McWilliams is one of the students in Mills College Sociology of Immigration class this semester, taught by Margaret Hunter. The oral history project, where students interview someone who immigrated to the United States as an adult, is a requirement for the class. The students conduct an interview for an hour and then write a 1,000-1,200 word essay telling the interviewee’s story. The essay must include sociological research to magnify the interviewee’s story as part of a bigger picture of immigration.
“Initially, I wanted students to be able to use their ‘sociological imaginations’ to connect one person’s real life experience with the larger social trends of immigration to the U.S.,” Hunter said. “This helps make the larger social patterns meaningful.”
The project is a larger collaboration with the Angel Island Immigration Station Foundation (AIISF), which will be posting the essays on it’s website. AIISF works to help better inform the public about immigration, specifically on the Pacific Coast, so society can understand what immigration means for America, our lives and community.
“These stories will be used to build educational programs for the public,” said Michael McKechnie, Executive Director of AIISF. “These stories convey the true immigration experience.”
On April 9th, Mills President Alecia DeCoudreaux and Associate Provost David Donahue sat in during the class to see a few presentations of the papers. McKechnie and his colleagues from AIISF, Director of Programs Lisa Van Cleef and Community Relations Director Grant Din, also joined the class to see what the students had been working on. McKechnie was pleased to hear from students about who they interviewed and what they learned from the project.
“It was exciting to hear not only the story of the interviewee, but also the thoughts and experience of the interviewer,” McKechnie said. “The stories were very motivational and the presenters were very professional.”
Students have been preparing for their oral history project for the past few weeks with in-class trainings, practices and outside research to conduct interviews and collaborate with Angel Island Immigration Station Foundation.

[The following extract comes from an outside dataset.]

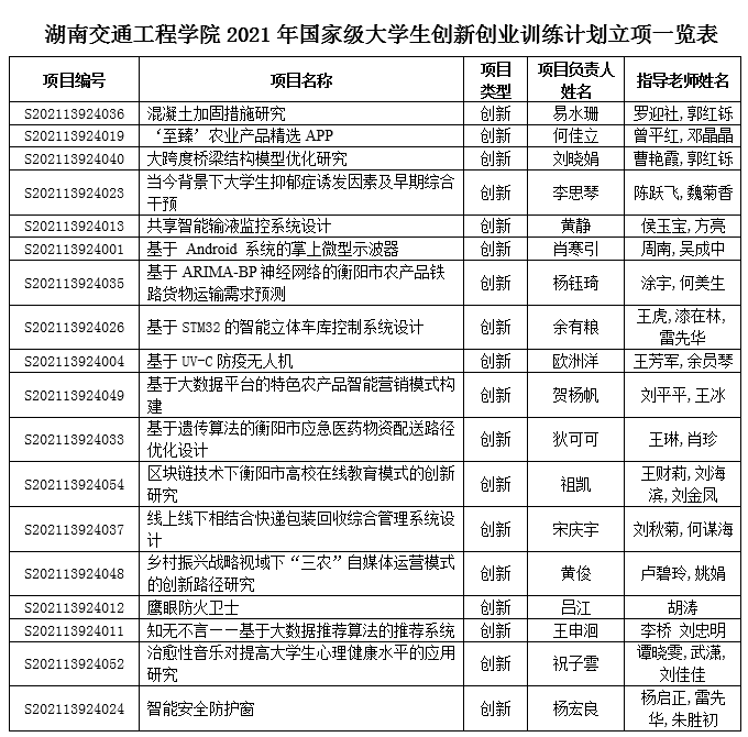 本网讯(通讯员  王琳  )2021年6月,beat365上报湖南省教育厅2021年省级大学生创新创业训练计划项目55项。其中,创新训练项目52项,创业训练项目3项。根据湖南省教育厅《关于公布 2021 年度湖南省大学生创新创业训练计划项目名单的通知》(湘教通[2021]197号)文件,beat365大学生创新创业训练计划项目全部获批省级立项。创beat365本科办学以来该项目省级立项数目新高。省级立项数较2018年、2019年和2020年分别增加了40项、38项和22项。

Sophomore Karen Correa, a sociology major, interviewed her uncle. She appreciated the project because she has known her uncle all her life, but had never talked to him about his journey.
“I think it’s really important for all immigrants to be recognized in some way and their stories too,” Correa said. “It’s nice that Maggie is making an effort to collaborate with organizations outside of campus.”
Not only did students engage in the community and give back, but they also had an eye-opening experience seeing the different realities that immigrants of yesterday and today face, as well as the motives and journeys of immigrants from around the world. Some interviewees moved simply seeking a better career in a different country, others for the sake of families and some to escape political unrest in their home country.
Junior Maya Haines, a dance major, interviewed a Mills alumnae from the dance department. She said that just listening to her interviewee’s story was enjoyable, but wished she would have done more.
“It wasn’t until I went back and listened to the recording [that], listening to myself, I could tell I was nervous,” Haines said. “I kept saying the word ‘great’, and I could have asked more questions about her answers rather than sticking to the script.”
With all the experience and opportunity to reach out to the community that students were doing, the interview subjects were all also benefiting from the project. The students found that their interview subjects were all happy and excited to be interviewed. Haines herself saw the happiness first hand.
“I really enjoyed it, and she seemed to enjoy it as well. At the end of the interview when I thanked her and was leaving she looked pretty happy and satisfied,” Haines said.
As a Mills class, this is one way to give back and to give voice to those who aren’t heard. The students and AIISF are working together to help give a better understanding to who the immigrants of America are.
“I think it’s really cool that the Angel Island people are doing this, and putting it out there for people to see and put more of a personal level of what immigration is,” McWilliams said.
The essays, along with visual or audio elements, will be posted on the Angel Island Immigration Station Foundation website in the next few weeks.